Relationship Between Morphologies and Mechanical Properties – the Takayanagi Models. For the cured LPA-containing UP resin systems

with their characteristic morphologies, their mechanical behavior can be approximately represented by the Takayanagi models11, where arrays of weak LPA (R) and stiff styrene-crosslinked polyester (P) phases are employed (Fig. 1). For all of the four ST/UP/PVAc systems, the globule microstructure may be represented by the P-P-S model (Fig. 1(a)). The microgel particles (P1 phase) are surrounded by a layer of LPA (R phase).

Between the LPA-covered microgel particles there are some lightly St-crosslinked polyesters chains and polystyrene chains (taken together as the P2 phase), which have different compositions of St and UP than those in the P1 phase, that are dispersed in the LPA phase (R phase). Hence, the characteristic globule microstructure may be represented by the parallel-parallel-series (P-P-S) model as shown in Fig. 1(a). In contrast, for the ST/UP/LPA systems with PMMA as an LPA, a two-phase microstructure would arise14, which can be represented by a P-(P-P-S) model (Fig. 1(b)).
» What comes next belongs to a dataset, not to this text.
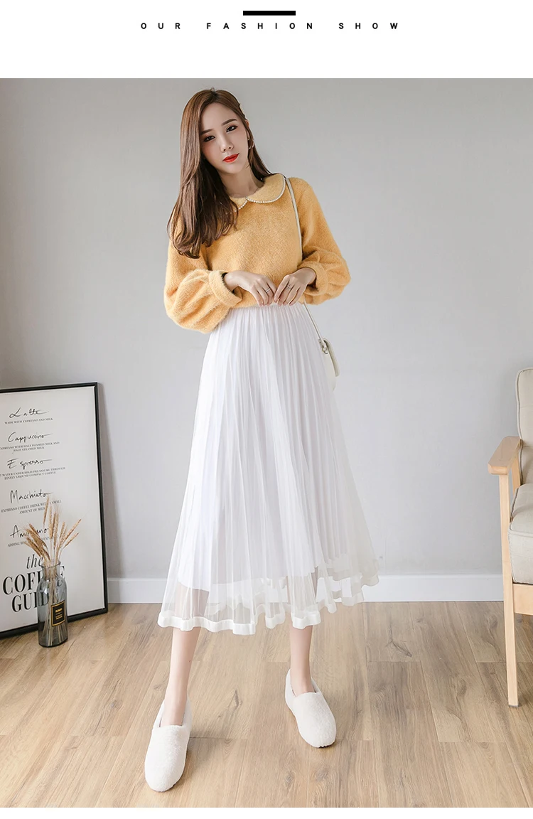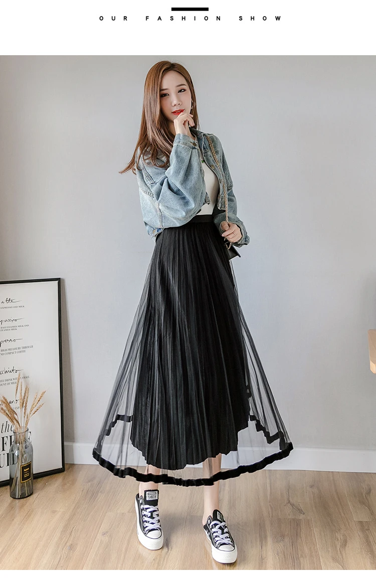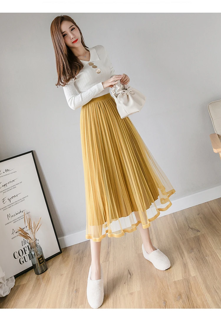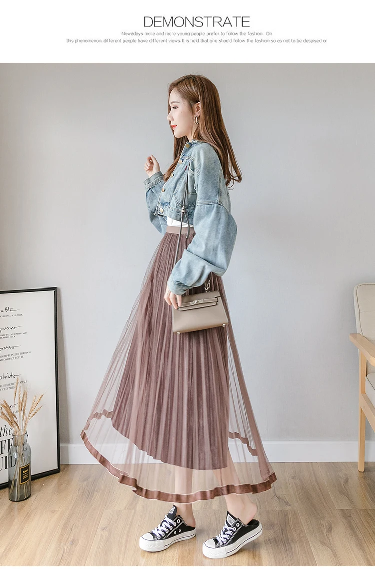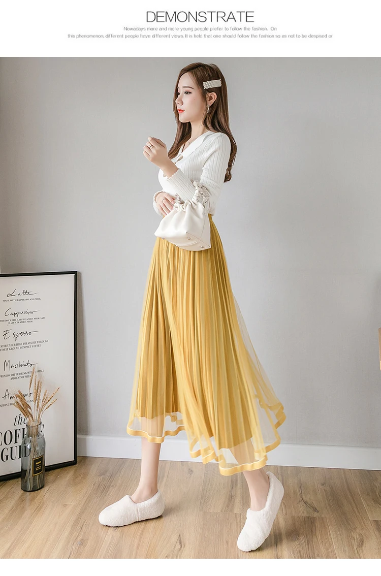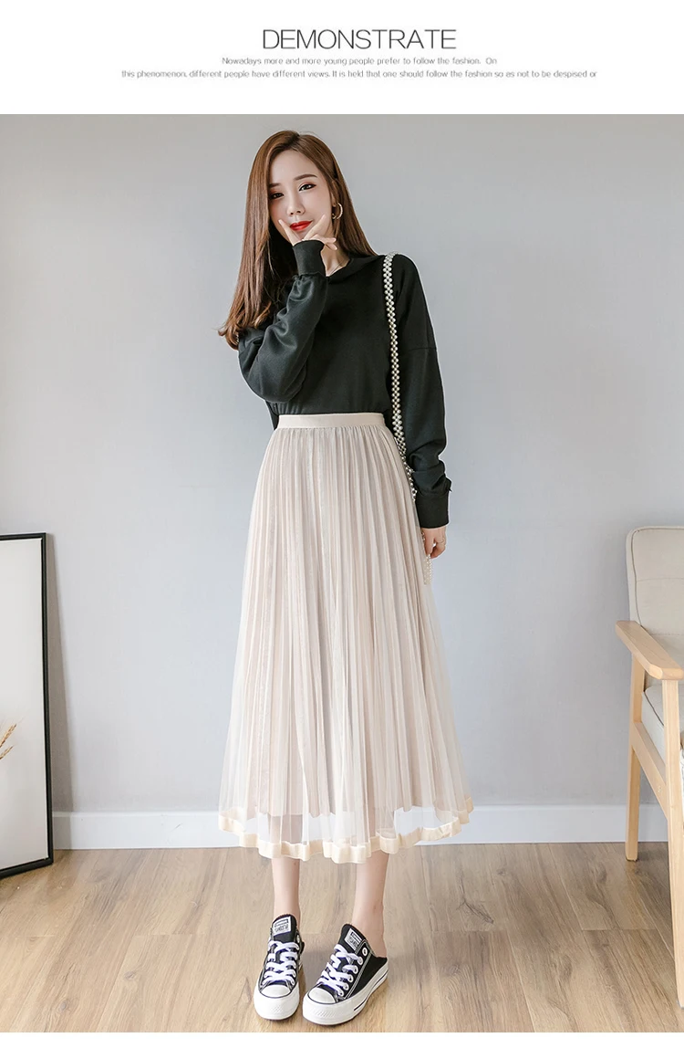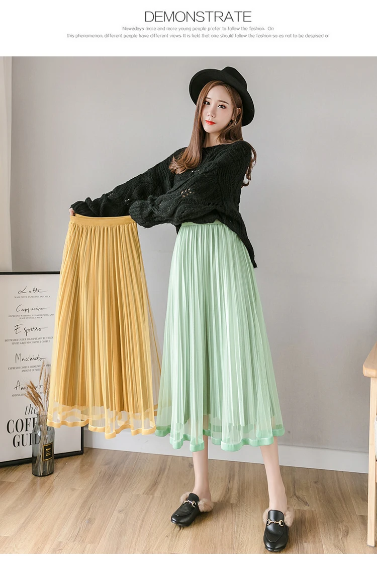 Jielur новые сетчатые женские юбки 7 цветов элегантные женские свободные плиссированные юбки 2019 модные милые велюровые корейск
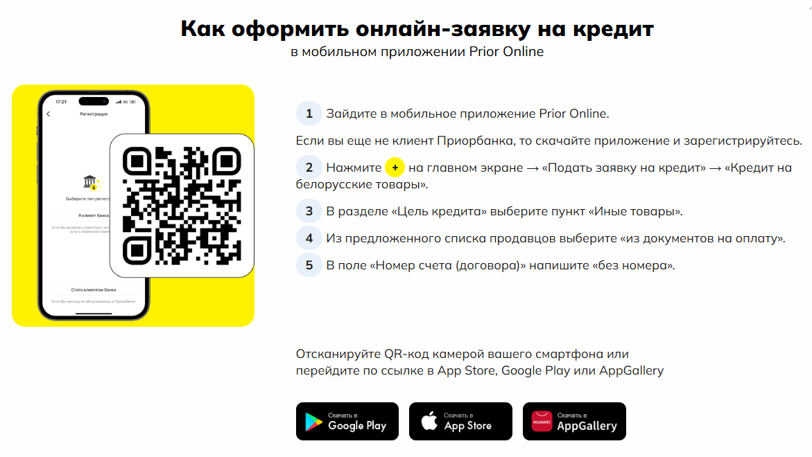 Кредит от Приорбанка до 7 лет на любые белорусские товары

Cure Kinetics. For the ST/UP/PVAc systems, except for the PVAc4S

system, the DSC rate profile showed that the peak reaction rate was higher than that of the neat UP resin system. (not shown) The final cure conversion of C=C bonds was lower for all the PVAc-containing samples than for the neat UP resin system. (Table 3) Also, the least compatible PVAc2S system possessed the lowest final cure conversion.

Effects of LPA on Volume Shrinkage After the Cure. The volume

shrinkage of the neat UP resin was about 8.6%, whereas adding PVAc types of LPAs with different molecular weights can generally reduce the volume shrinkage to about –2.0% to –6.5% (Table 4). Increasing the molecular weight of LPA can lead to a lower fractional volume shrinkage. The PVAc4S system possessed the best volume shrinkage control among the four ST/UP/LPA systems. (∆V/V0 = -2.2%)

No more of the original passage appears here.